**Exercise objective**
Every line below from the one containing "Dieses Kleid kann" through the one containing "vrh.Nadaljujemo po grebenu" must be transcribed exactly. Omit all lines outside that stretch.

*** Information Section Begins ***

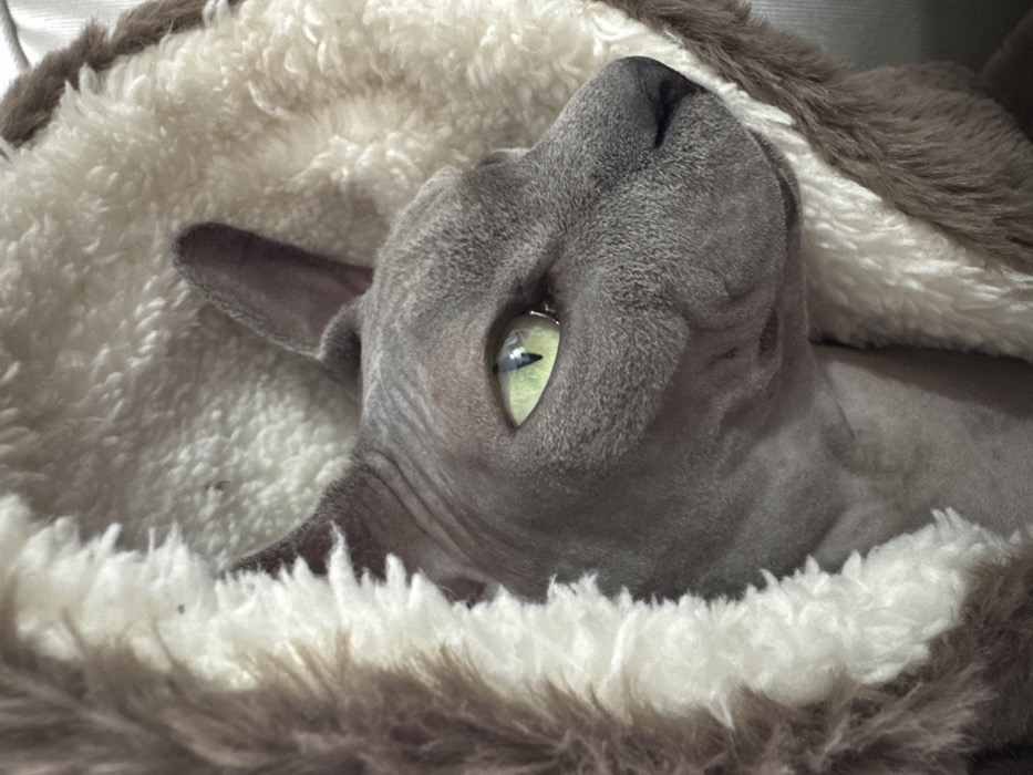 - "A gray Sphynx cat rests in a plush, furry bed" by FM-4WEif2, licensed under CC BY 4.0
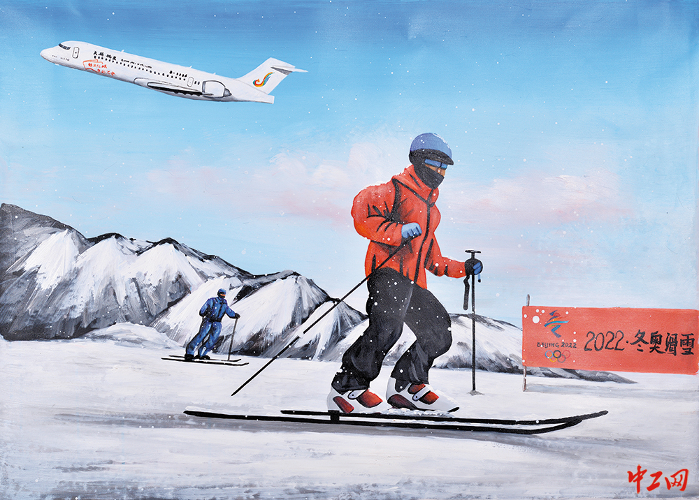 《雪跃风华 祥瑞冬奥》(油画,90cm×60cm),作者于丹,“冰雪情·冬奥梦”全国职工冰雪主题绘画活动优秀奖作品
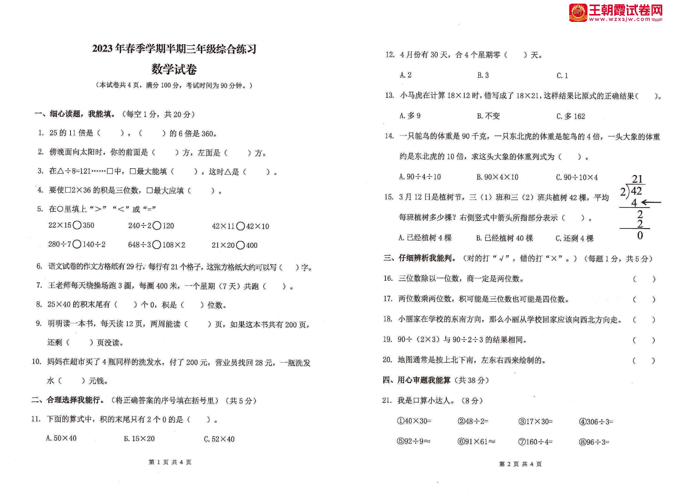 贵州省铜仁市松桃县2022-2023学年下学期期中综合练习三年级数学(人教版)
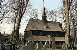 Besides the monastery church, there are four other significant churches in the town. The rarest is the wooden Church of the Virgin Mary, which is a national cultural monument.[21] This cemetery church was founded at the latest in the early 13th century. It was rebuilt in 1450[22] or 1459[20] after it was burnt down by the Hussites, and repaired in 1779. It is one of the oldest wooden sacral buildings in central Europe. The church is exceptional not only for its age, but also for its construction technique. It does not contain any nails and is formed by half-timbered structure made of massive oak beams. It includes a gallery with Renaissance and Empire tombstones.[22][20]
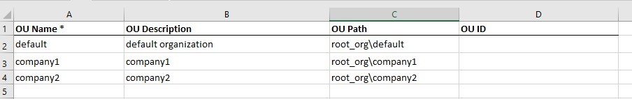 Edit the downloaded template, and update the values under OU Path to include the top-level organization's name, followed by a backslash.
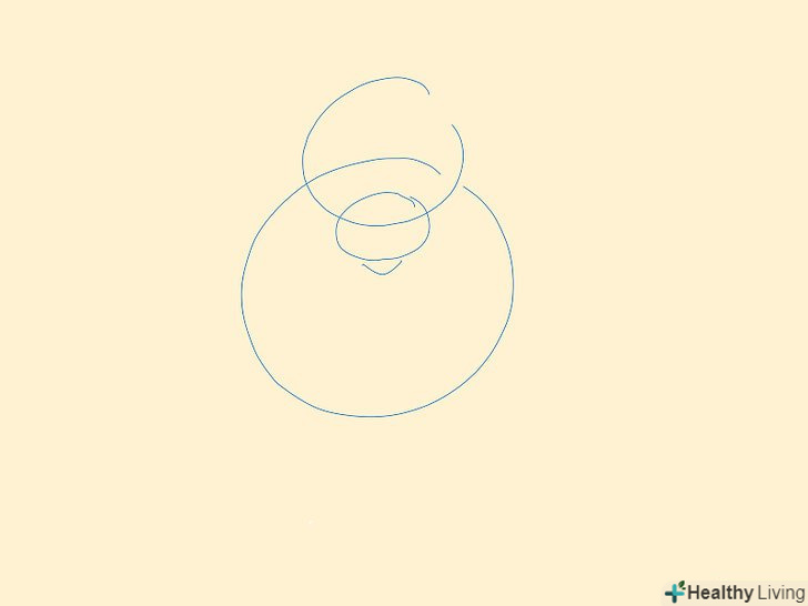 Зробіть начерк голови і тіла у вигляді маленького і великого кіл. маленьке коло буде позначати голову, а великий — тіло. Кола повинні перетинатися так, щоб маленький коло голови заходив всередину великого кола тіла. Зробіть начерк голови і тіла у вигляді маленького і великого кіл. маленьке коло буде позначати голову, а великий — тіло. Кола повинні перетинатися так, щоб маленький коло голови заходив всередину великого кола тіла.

*** Information Section Ends ***
*** Information Section Begins ***

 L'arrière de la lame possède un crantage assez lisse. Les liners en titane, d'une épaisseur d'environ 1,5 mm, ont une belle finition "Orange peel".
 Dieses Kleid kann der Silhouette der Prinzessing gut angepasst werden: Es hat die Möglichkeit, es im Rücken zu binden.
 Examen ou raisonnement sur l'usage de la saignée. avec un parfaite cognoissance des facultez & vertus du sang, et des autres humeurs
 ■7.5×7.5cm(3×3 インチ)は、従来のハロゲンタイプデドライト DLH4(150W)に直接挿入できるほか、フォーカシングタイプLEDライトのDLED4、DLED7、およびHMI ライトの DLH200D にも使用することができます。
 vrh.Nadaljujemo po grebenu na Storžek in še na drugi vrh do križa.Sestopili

*** Information Section Ends ***

**Answer to the problem**
 Dieses Kleid kann der Silhouette der Prinzessing gut angepasst werden: Es hat die Möglichkeit, es im Rücken zu binden.
 Examen ou raisonnement sur l'usage de la saignée. avec un parfaite cognoissance des facultez & vertus du sang, et des autres humeurs
 ■7.5×7.5cm(3×3 インチ)は、従来のハロゲンタイプデドライト DLH4(150W)に直接挿入できるほか、フォーカシングタイプLEDライトのDLED4、DLED7、およびHMI ライトの DLH200D にも使用することができます。
 vrh.Nadaljujemo po grebenu na Storžek in še na drugi vrh do križa.Sestopili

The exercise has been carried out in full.